Дай Вам Бог здоровья, да побольше бы издавались Ваши книги, такие книги, как у Вас, – редкость.

С уважением,

Ваш читатель А. Етоев (далее адрес – мой)».

Сегодня я бы такого не написал.

И мне такое бы написали, я точно бы не ответил.

Как Коваль не ответил мне.

Мой выбор

Этим летом (2017) совершенно случайно застал по радио краешек передачи. Её тема: какая книга (книги) перевернула (перевернули) чью-либо жизнь. В основном говорили какую-то неинтересную муть, ведущие над слушателями откровенно подсмеивались (хотя сами, судя по разговорам, книг или вообще не читали, или читали плохо, или просто по-журналистски подстраивались под мнение слушателей). Поразила женщина, которая в детстве пережила смерть брата, потом нашла где-то на антресолях, среди баночной и тряпочной чепухи, книги Гюго, Золя, кого-то ещё из классиков и увлеклась чтением, чтобы отвлечься от смертных мыслей. И вот она говорит, что это была такая депрессия, эти книги так дурно на неё повлияли, что не дай бог кому-нибудь эти книги прочесть. И что она пришла к Богу, воцерковилась и теперь наконец узнала, что в мире есть одна книга – Библия, а все остальные – грех.

Это сильное откровение.

Но, подумал я, в Библии столько всего жестокого, что никакие Золя и Гюго с Библией и в сравнение не идут, кровь там льётся потоками, и, видимо, эта женщина прочла только Евангелие, и отсюда столь суровое у неё мнение.

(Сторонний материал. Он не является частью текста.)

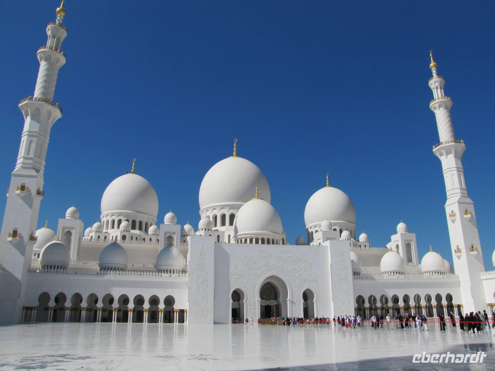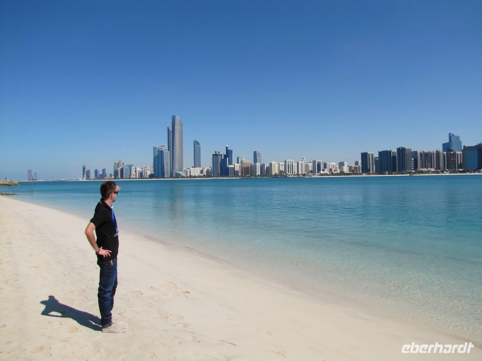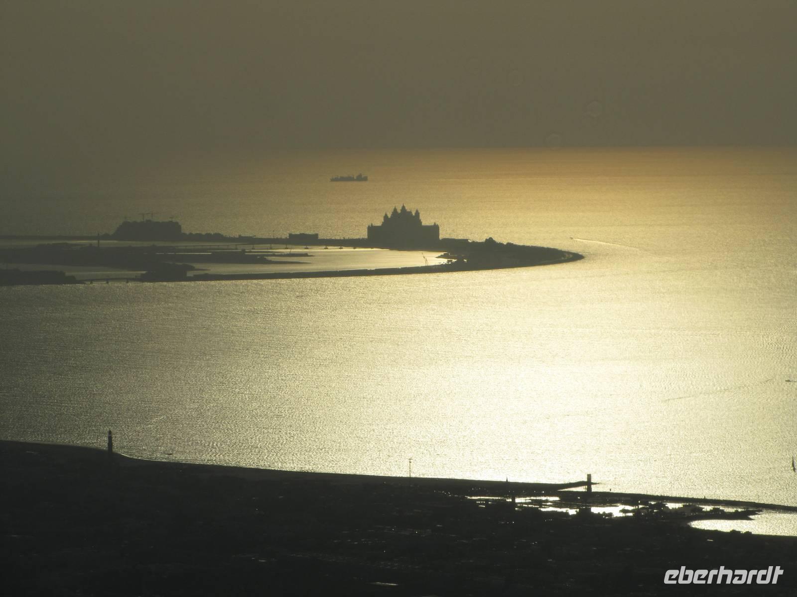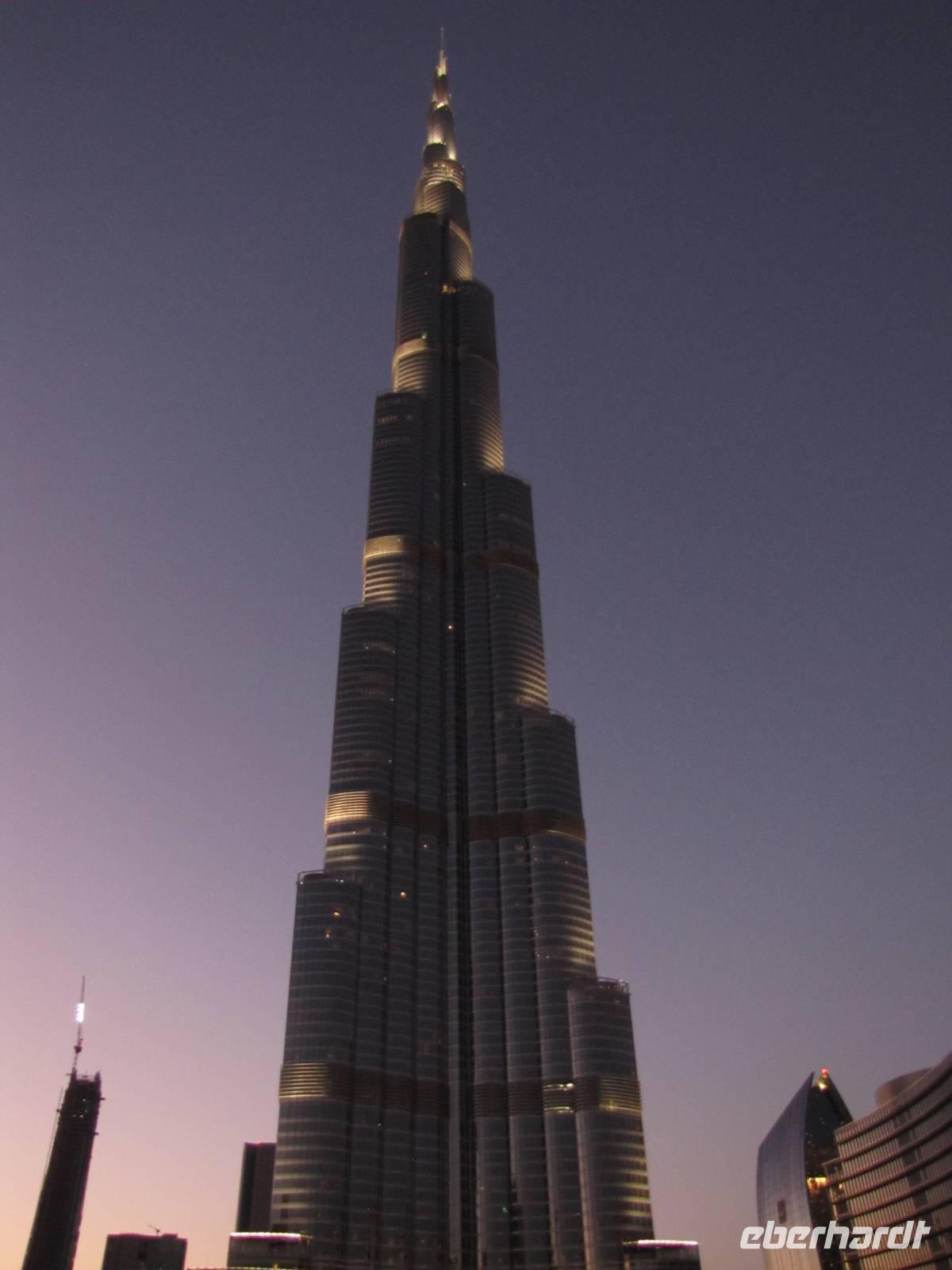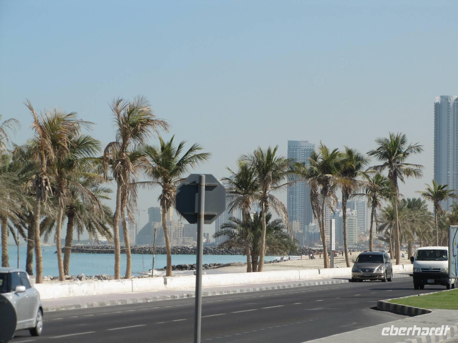Heute ging es gegen 9.30 nach dem Frühstück zusammen mit Anja in das strengste der 7 Emiraten, nach Sharjah. Die gleichnamige Stadt grenzt fast direkt an Dubai an orientiert sich streng an die Scharia von z.B. Saudi Arabien. Von weiten sahen wir schon die hohen Hochhäuser der Stadt. Ähnlich wie in Dubai entstanden hier in den letzten 10 Jahren gigantische Wolkenkratzer. Jedoch werden diese vorwiegend als Wohnraum genutzt. Das Interessante an den Häusern ist, das fast jedes Gebäude einen Helikopter Landeplatz besitzt. Im Falle eines Brandes gerettet zu werden oder als Landeplatz um schnell zur Arbeit zu gelangen dienen die Dächer der Stadt. In Deutschland gibt es die Mitfahrgelegenheit und in Sharjah die „Mitfluggelegenheit" wo mehrere Geschäftleute frühs zusammen auf Arbeit fliegen nach Dubai. Wir fuhren ein wenig durch die Stadt und besuchten zuerst den Korankreisverkehr, wo rings herum eine Moschee, ein Gericht und ein Verwaltungsgebäude der Stadt standen. Weiter ging es zum Fischmarkt von Sharjah. Dort konnten wir den frischen Fang des Tages betrachten und auch mal einen kleinen Hai in die Hand nehmen. Unser größter der Reisegruppe, auch Konstantin genannt hielt stolz einen Hai vor die Kamera. Anschließend fuhren wir zu einer Mall und legten eine kurze Pause ein. Mit einem tollen Blick auf die Skyline verabschiedeten wir uns von Sharjah und es ging wieder nach Dubai. Unser nächstes Ziel hieß: Burj Khalifa, das höchste Haus der Welt. Dort angekommen blickten alle erstaunt in den blauen Himmel zur Spitze des Gebäudes. Es war ein gigantischer Anblick! Der Stadtteil heißt Downtown Dubai und am Fuße des Burj Khalifa befindet sich ein künstlicher See mit türkiesblauem Wasser. Nachdem wir tolle Fotos schossen, legten wir in der Dubai Mall, der größten Mall der Welt eine Mittagspause ein. Von Mc Donnals bis Nordsee gab es alles. Nach dem Essen besichtigten wir das Dubai Aquarium und den Dubai Zoo. Anschließend bestaunten wir noch den Dubai Ice Creek, die Schlittschuhbahn von Dubai. Dies befindet sich alles in der größten Mall der Welt, neben dem höchsten Haus der Welt. Anja erzählte uns immer wieder stolz, das Dubai die Stadt der Weltrekorde sei! Gegen 16.20Uhr ging es zum höchsten Aussichtspunkt der Welt mit dem schnellsten Fahrstuhl der Welt. (Und ich fuhr mit der liebsten Reisegruppe der Welt J). Das Gebäude hat eine Gesamthöhe von 828 Metern und wurde nach Scheich Khalifa benannt, um dich Dankbar für eine Geld Spritze aus Abu Dhabi zu zeigen. Bei ausgezeichneter Sicht blickten wir über die imposante Skyline bis hin zur Palmeninsel. Kurz vor 18.00 Uhr trafen wir uns wieder unten am ausgemachten Treffpunkt und bestaunten die tollen Wasserspiele am Fuße des Gebäudes. Immer ab 18.00 Uhr sind aller halben Stunde bis 23.00Uhr Wasserspiele mit Musikuntermalung. Wir konnten nicht genug bekommen und schauten uns 18.30Uhr nochmal eine Show an. Gegen 19.00Uhr fuhren wir zurück zum Hotel und freuten uns auf unser Abendbrot. Abends unternahm ich mit einigen Gästen noch einen kleinen Ausflug mit der Metro noch einmal zum Burj Khalifa, wir bestaunten noch einmal die tollen Wasserspiele und gingen danach in die Skybar „Neos" im Adress Hotel. Im 64. Stockwerk angekommen blickten wir über die tolle Skyline bei einem leckeren Drink. Gegen 24Uhr sind wir mit Taxis wieder zurück zum Hotel gefahren, eine Strecke kostete ca. 10,00€ (sehr günstig).

И ещё подумал: а я? Какая такая книга осветила моё сознание и перевернула мою жизнь навсегда? Вроде не было одной такой книги. Яркие пятна – да. Но это практически то, что мне читали взрослые или сам я прочитал в детстве, – от русских народных сказок, «Приключений Чиполлино» (детский сад в Климовом переулке, читала воспитательница, Раиса Семёновна, добрая еврейская женщина), сказочной фантазии Сергея Сахарнова «Гак и Буртик в стране бездельников», Ефима Чеповецкого («Непоседа, Мякиш и Нетак»), Евгения Пермяка («Сказка о Терра-Ферра»), «Незнайки» Николая Носова, «Волшебника Изумрудного города» Александра Волкова до Жюля Верна и «Трёх мушкетёров» (первый – третий класс школы на углу Садовой и Лермонтовского, город был тогда Ленинград). Ещё – фантастика, литература мечты. Я читал её до 7-го класса. Что потом? Когда человеку уже шестнадцать, мысли его не о литературе. И не книга действует на выбор его пути.

Короче, не было у меня ни книг, ни книги, которые вывернули бы меня наизнанку, дали бы мне Дантову виту нову, сделали другим человеком. Были книги, много книг, книги разные, но чтобы какая-нибудь одна…

И вдруг я вспомнил: есть такая книга! А как же! Есть! Есть!

«Чистый Дор» Юрия Коваля.

В конце 1980-х годов (Коваля я ещё не знал) я познакомился с одной очень скромной девушкой, она тогда кончала филфак, была ученицей профессора Никиты Александровича Мещерского (его «„История Иудейской войны“ Иосифа Флавия в древнерусском переводе» была в моей домашней библиотеке). Однажды я оказался у неё дома, это было в новостройках, Ульянке кажется, мой визит связан был с книгами, ничего личного, и она в разговоре спросила меня о Юрии Ковале. Знаю ли я такого писателя? Я не знал. Она тогда удивилась очень и дала мне прочитать «Чистый Дор». Думаю, девушка хотела, чтобы я влюбился в неё, но она сделала неправильный ход. Ей я предпочёл Коваля, и думаю, что выбор был верный.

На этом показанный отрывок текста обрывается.